▶ **TASK OBJECTIVE**
Without adding anything, give again the lines from the one holding "產品名稱:SK2-022-1W工業鋅合金同軸鉸鏈凸門轉角折頁可拆卸合頁" through the final line of the records, exactly, with both ends included and pictures dropped.

[[ RECORDS FOR THE EXERCISE, beginning ]]

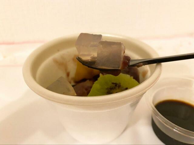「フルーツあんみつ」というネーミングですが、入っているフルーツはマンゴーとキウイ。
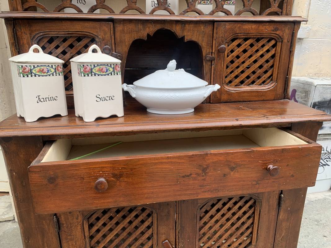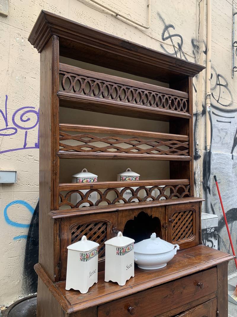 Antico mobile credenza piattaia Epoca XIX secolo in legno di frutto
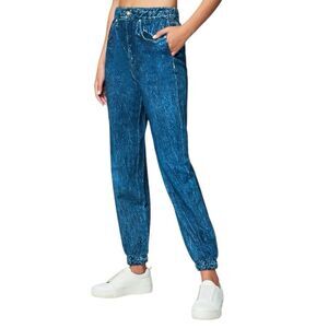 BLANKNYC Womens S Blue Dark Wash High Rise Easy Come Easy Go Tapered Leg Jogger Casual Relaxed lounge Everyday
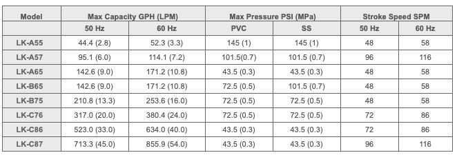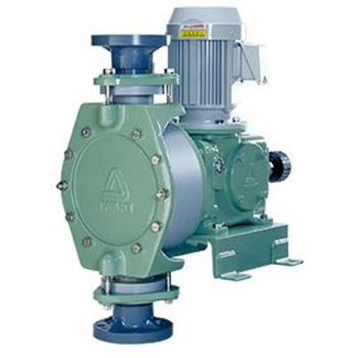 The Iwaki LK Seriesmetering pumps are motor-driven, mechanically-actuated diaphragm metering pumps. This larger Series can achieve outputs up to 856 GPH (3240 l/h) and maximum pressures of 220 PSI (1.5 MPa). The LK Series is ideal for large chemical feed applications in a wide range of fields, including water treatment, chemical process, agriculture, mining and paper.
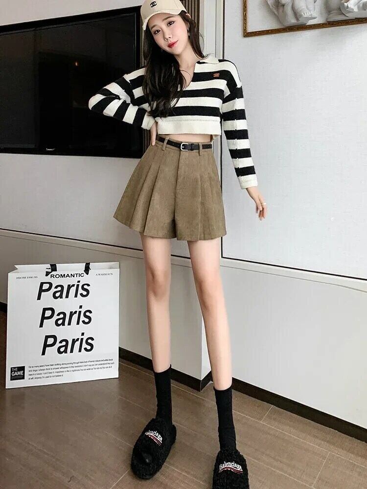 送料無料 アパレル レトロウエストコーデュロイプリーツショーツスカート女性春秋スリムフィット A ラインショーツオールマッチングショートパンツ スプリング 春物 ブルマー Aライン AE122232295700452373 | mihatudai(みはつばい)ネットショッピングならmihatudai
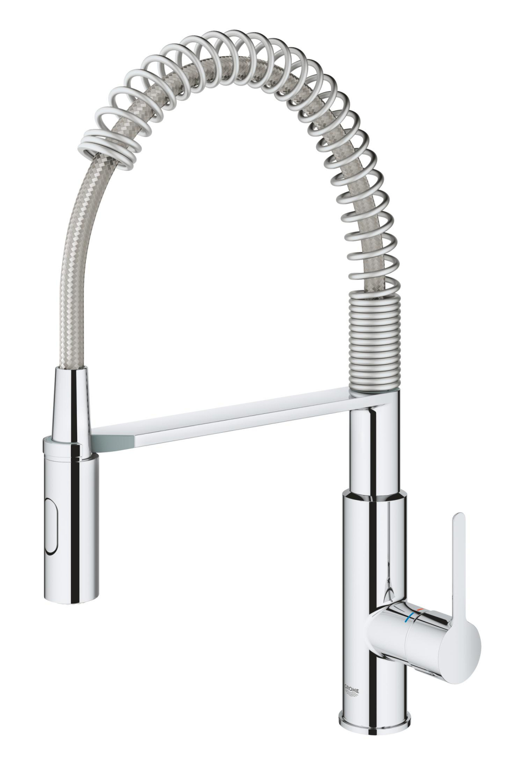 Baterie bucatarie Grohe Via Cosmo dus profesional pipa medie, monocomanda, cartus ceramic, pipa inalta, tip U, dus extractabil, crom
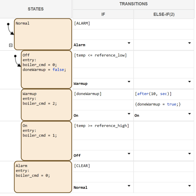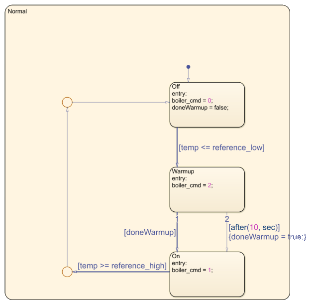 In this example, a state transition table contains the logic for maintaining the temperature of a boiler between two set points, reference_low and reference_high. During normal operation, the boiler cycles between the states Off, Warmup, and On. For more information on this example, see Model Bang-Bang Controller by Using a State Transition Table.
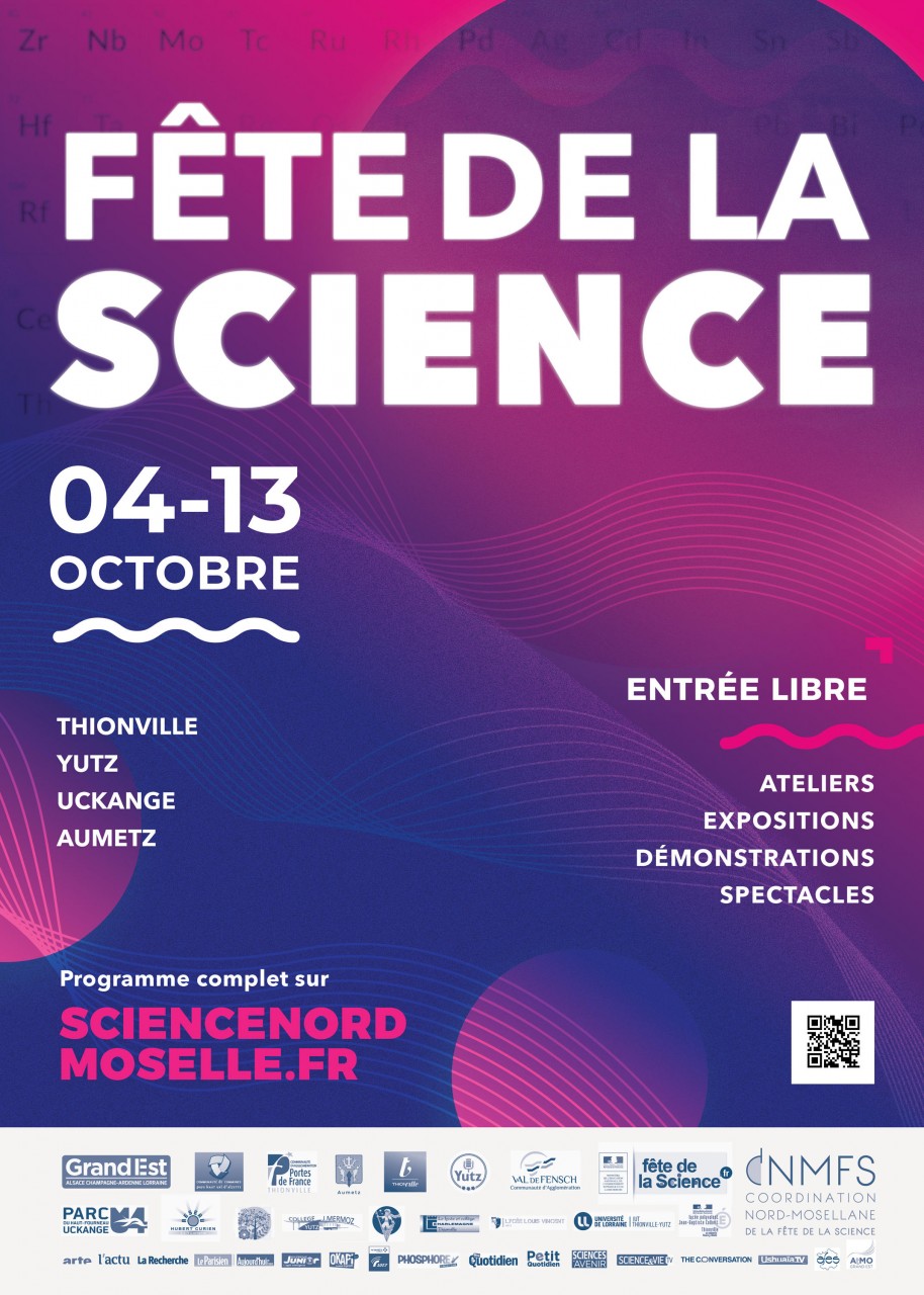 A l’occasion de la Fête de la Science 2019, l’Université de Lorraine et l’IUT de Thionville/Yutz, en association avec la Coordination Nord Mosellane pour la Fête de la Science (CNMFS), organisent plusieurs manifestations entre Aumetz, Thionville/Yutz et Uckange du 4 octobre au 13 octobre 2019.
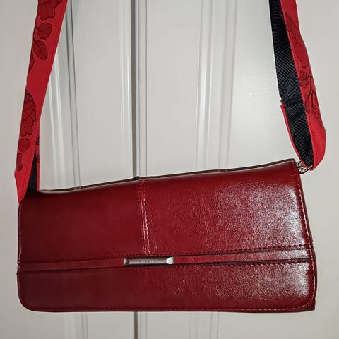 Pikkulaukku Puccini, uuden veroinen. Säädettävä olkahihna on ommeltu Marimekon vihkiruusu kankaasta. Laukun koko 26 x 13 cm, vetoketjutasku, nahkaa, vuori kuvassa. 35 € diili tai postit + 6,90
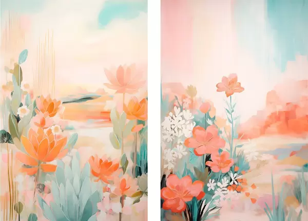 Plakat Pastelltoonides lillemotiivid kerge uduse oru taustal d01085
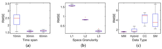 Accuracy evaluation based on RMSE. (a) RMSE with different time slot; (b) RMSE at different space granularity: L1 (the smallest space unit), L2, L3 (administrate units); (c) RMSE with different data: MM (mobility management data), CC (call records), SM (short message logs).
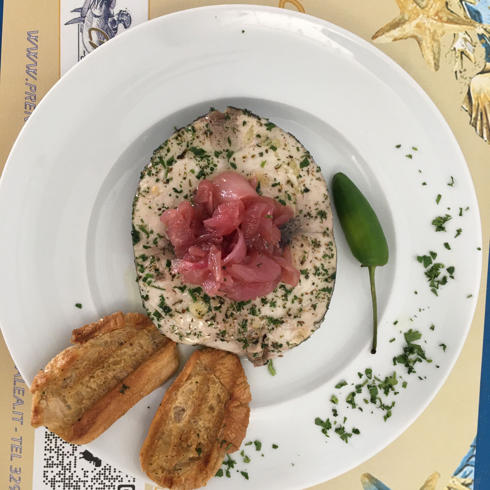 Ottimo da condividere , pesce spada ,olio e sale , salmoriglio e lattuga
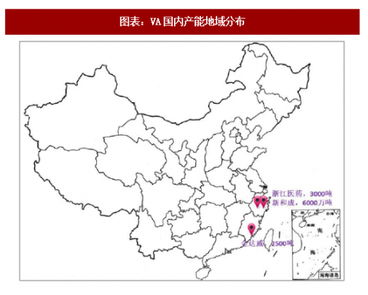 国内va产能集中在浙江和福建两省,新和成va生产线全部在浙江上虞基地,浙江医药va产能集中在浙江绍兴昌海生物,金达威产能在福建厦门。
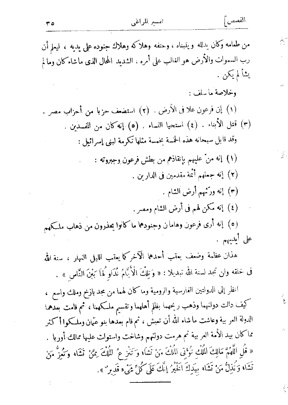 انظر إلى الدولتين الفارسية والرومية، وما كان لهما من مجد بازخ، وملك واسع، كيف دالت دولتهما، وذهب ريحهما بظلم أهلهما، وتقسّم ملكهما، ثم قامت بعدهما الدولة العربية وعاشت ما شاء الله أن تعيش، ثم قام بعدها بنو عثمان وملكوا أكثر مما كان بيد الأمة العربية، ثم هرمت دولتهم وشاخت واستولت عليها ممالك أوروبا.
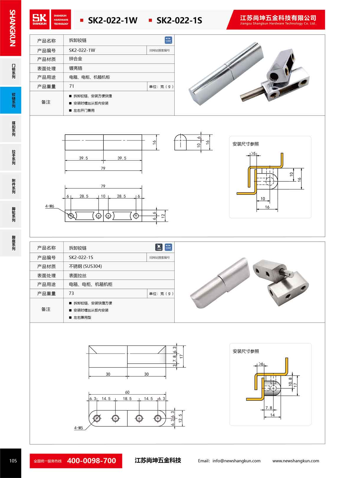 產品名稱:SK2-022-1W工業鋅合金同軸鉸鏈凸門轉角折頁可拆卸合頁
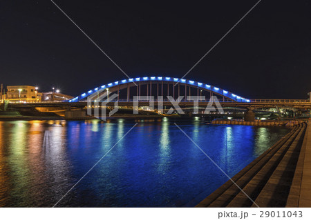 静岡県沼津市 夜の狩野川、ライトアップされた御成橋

[[ RECORDS FOR THE EXERCISE, end ]]

▶ **REPLY**
 產品名稱:SK2-022-1W工業鋅合金同軸鉸鏈凸門轉角折頁可拆卸合頁
 静岡県沼津市 夜の狩野川、ライトアップされた御成橋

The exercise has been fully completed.